▶ Input data
--*--
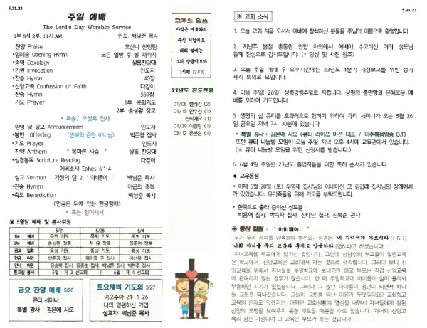 5/28/23 교회 주보 페이지 정보 작성자 아름다운동산교회 댓글 0건 조회 2,505회 작성일 23-05-27 13:00 목록 본문 5/28/23 이전글06/04/23 교회 주보 23.06.03 다음글05/21/23 교회 주보 23.05.20 댓글 0 댓글목록 등록된 댓글이 없습니다. 목록
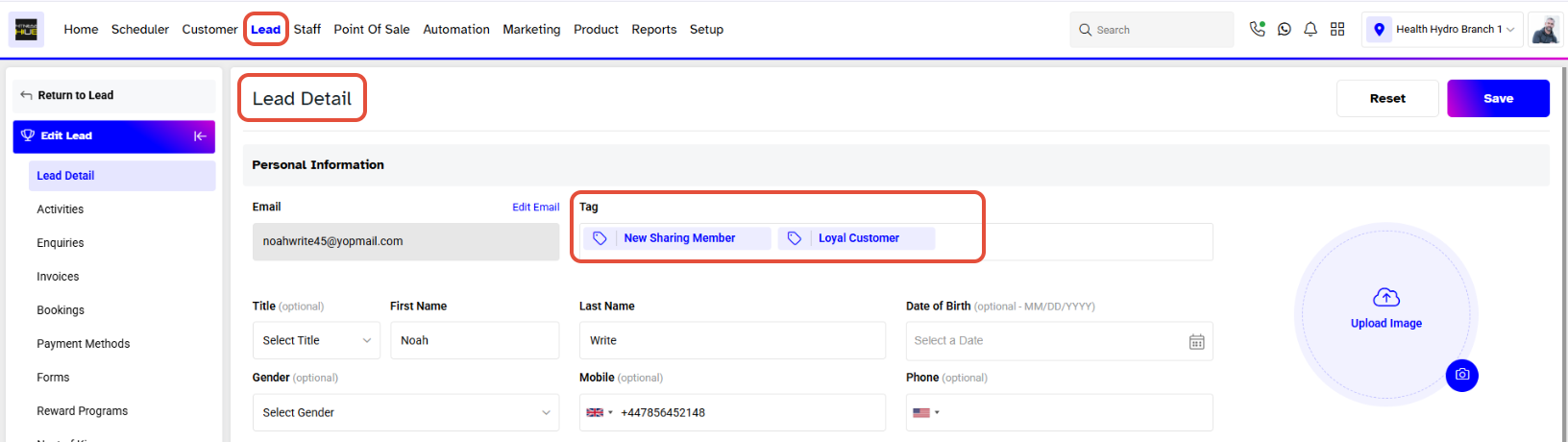- Click on the Tag field in the Lead Profile.
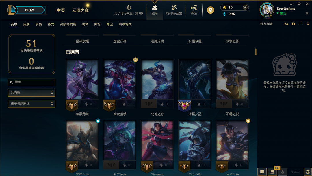 联盟5区 无畏先锋 全英雄+众多至臻皮肤 可排位 可匹配
--*--
From the first line of the material to the last, retype everything exactly except the images.

▶ Solution to this problem
 5/28/23 교회 주보 페이지 정보 작성자 아름다운동산교회 댓글 0건 조회 2,505회 작성일 23-05-27 13:00 목록 본문 5/28/23 이전글06/04/23 교회 주보 23.06.03 다음글05/21/23 교회 주보 23.05.20 댓글 0 댓글목록 등록된 댓글이 없습니다. 목록
- Click on the Tag field in the Lead Profile.
 联盟5区 无畏先锋 全英雄+众多至臻皮肤 可排位 可匹配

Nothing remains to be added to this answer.